Een oogenblik halt.
Men zou, om een modewoord van den dag te gebruiken, het werk van onzen verdienstelijken landgenoot Koldewey een ‘instantané’ kunnen noemen, zoo waar en levendig, zoo op heeterdaad betrapt, is het eenvoudige tafreeltje, dat zijn geestig penseel te zien geeft.

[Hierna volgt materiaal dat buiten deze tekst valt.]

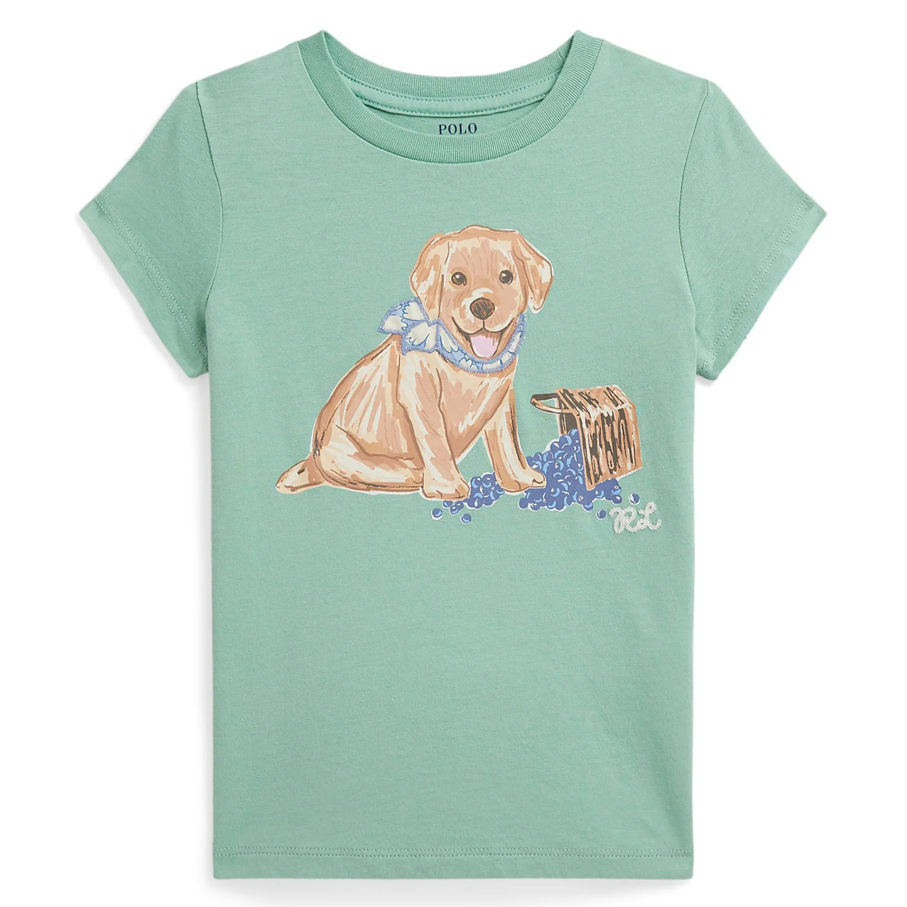 Dog print and chain-stitched “RL” embroidery at the center front.

Wij zijn aan den uitersten zoom van een bosch, vlak bij een kromming van den grooten weg. Vol en breed valt het licht van ter zijde op dien weg, terwijl de zware boomgroepen meer in de schaduw liggen. Het echt Hollandsche landschap prijkt in al de weelde van den zomerdos, en heerlijk moet het zijn, in deze omgeving rond te dwalen, te rusten, te droomen, en er de longen te sterken met de zuivere, opwekkende buitenlucht.

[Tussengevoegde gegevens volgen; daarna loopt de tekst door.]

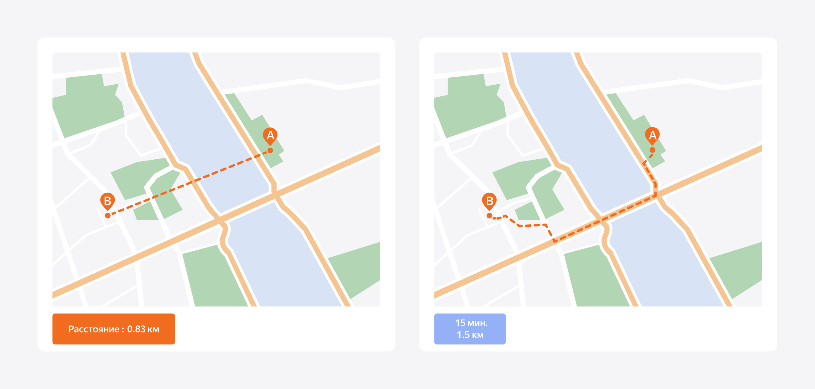 Переместимся в реальный мир. Увы, длина фактического пути от одной точки до другой не всегда равна наименьшему расстоянию. 800 метров птичьего полёта от остановки до дома превращаются в путь длиной 1.5 км из-за зданий, рек, расположения пешеходных переходов и прочего.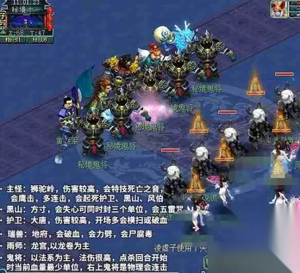 BOSS技能机制: 主怪(狮驼岭): 高伤害输出,拥有死亡之音、鹰击、多连击等技能。更可怕的是,只要有小怪存活,它会复活后排护卫、黑山和风伯! 黑山: 使用失心符,可同时封印己方三个单位,并施放五雷咒。 护卫: 伤害很高,开场通常使用横扫或破血狂攻。 瑞兽: 擅长破血、力劈华山和尸腐毒。 雨师: 主要技能是龙卷风,可被主怪复活。 鬼将: 前排鬼将以法系为主,法伤很高,会优先攻击当前血量最低的单位(玩家或宠物)。 注意:右上角鬼将是物理攻击!

Bij de bocht van den boschweg heeft een vluchtige ontmoeting plaats. Een Zuid-Hollandsch boerinnetje, ‘een juweel van een meid’ mag ze heeten, met een paar welgevulde melkkannen aan het juk over de schouders, komt er een boerenarbeider tegen, die met zijn kar op een sukkeldrafje voortrijdt, om een vrachtje grint of mest te gaan halen. Het melkmeisje en de vrachtrijder zijn oude bekenden, en zij bepalen zich bij de ontmoeting dan ook tot iets meer dan een enkelen groet. Zij zet hare kannen neer en haakt ze van het juk los, en hij trekt de teugels aan, om zijn ouden knol een oogenblik halt te laten houden. En zoo voeren zij een gezellig praatje over het weer, over het dorpsnieuws, over het laatste broedsel van haar kippen of van zijn ganzen, en wat er al meer in zulke hoofden en harten omgaat. En dan knikken zij elkaar nog even toe, elk gaat zijns weegs, en de vluchtige ontmoeting is afgeloopen.
Alles zoo eenvoudig mogelijk. Maar het genie van den kunstenaar heeft het gewijd tot een tafreeltje vol geest en naïeve bekoring.